Denizli Devlet Hastanesi Göğüs Hastalıkları Uzmanı Dr. Zahide Alaçam, astım hastalığı ile ilgili bilgilendirmede bulundu.
Göğüs Hastalıkları Uzmanı Dr. Zahide Alaçam, dünyada her yıl 400 binden fazla astıma bağlı mevt olduğunu ve Dünya Sıhhat Örgütü’ne (DSÖ) nazaran tüm dünyada 339 milyon kişinin astımı bulunduğu kestirim edildiğini tabir etti.
“Uygun tedavi ile denetim altına alınabilir”
Dr. Zahide Alaçam, “Astım, akciğer içi hava yollarında mikrobik olmayan bir çeşit iltihap nedeniyle hava yolu duvarının daralması sonucu ortaya çıkan müzmin (kronik) bir akciğer hastalığıdır. Astım tekrarlayan ve ataklar halinde gelen nefes darlığı, nefes alıp verirken ortaya çıkan hırıltı/hışıltı/ıslık sesi, göğüste baskı hissi ve öksürük üzere belirtilerle kendini gösterir. Uygun ilaç tedavisinin verilmesi ve astım tetikleyicilerinden uzak durulması ile astım belirtileri denetim altına alınabilir.“ dedi.
“Solunan hava pak olmalı”
Alaçam, astımın denetimini güçleştiren etkenleri, ilaçların hakikat teknikle ve tertipli kullanılmaması bunun yanında teneffüs yolu enfeksiyonları, alerjenler, sigara dumanı, kimyasallar üzere tetikleyicilere maruz kalmak olarak sıralayan Dr. Zahide Alaçam, “Yapılan araştırmalarda hastaların ilaçlarını hekiminin önerdiği biçimde kullanmasının, sigarayı bırakmanın ve obez hastaların kilo vermesinin, Akdeniz diyeti tipi sağlıklı beslenmenin, sistemli idman yapmanın, solunan ortam havasını pak tutmanın astımın denetimini kolaylaştırdığı gösterilmiştir.“ biçiminde konuştu.
“Astım hastaları beslenmelerine dikkat etmelidir”
İHA’ya konuşan Uz.

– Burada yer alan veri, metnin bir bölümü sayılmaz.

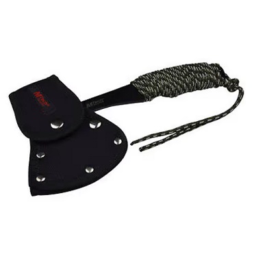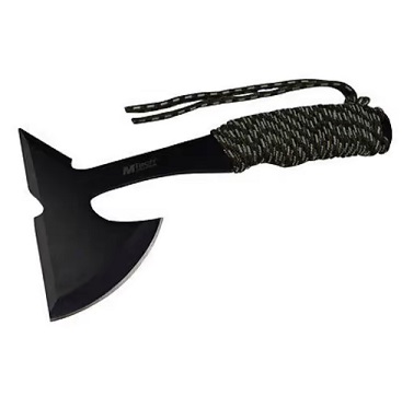 MTech USA 9" Throwing Axe Black Hatchet Full Tang. This outdoor survival axe is perfect for everyday chopping or throwing purposes. With a 9" overall height, this axe provides an amazing center of gravity and balance during each and every swing. The black blade measures at 3mm thick with dimensions of 4.75" X 2.5". Don't let this smaller size discourage you because the handle is wrapped in a sturdy cord for optimal grip when in use. This product also comes with extra cord for use as a lanyard and a protective nylon sheath.

Dr. Zahide Alaçam, “Astım hastalarına beslenmede şu tekliflerde bulunmak gerekirse, içinde şeker olan her türlü yiyecek ve içecekler, tatlandırılmış tahıllar, gluten içeren besinler (ekmek, hamur işi gıdalar), fruktoz yahut mısır şurubu içeren içecekler, tatlılar, işlenmiş etler (sucuk salam sosis gibi), kızartılmış tüm besinlerden uzak durmalıdır. Bedendeki inflamasyonu söndürmek için önerilen ise Anti-inflamatuar beslenme üslubudur. Yani gluten yerine yulaf, kinoa, tef, sorgum, darı, karabuğday, yabani pirinç, siyah pirinç, esmer pirinç üzere rafine edilmemiş tahıllar tercih edilebilir. Zirai tarım ilacına maruz kalmamış taze yeşillik, zerzevat ve meyve tüketilmeli. Haftada en az 1 gün balık yenmeli. Yenmediği günlerde ise Omega 3 desteği alınabilir. Soğuk sıkım zeytinyağı, hindistan cevizi yağı, avokado yağı üzere sağlıklı yağlar tercih edilmeli. Brokoli, lahana, brüksel lahanası, soğan, sarımsak üzere sülfür içeren besinler sık tüketilmeli. Yaban mersini, ahududu, böğürtlen üzere mor renkli meyveler bol antioksidan içerir. Yemeklere zerdeçal, zencefil, tarçın üzere anti-inflamatuar özellikli baharatlar eklenebilir. ” diye konuştu.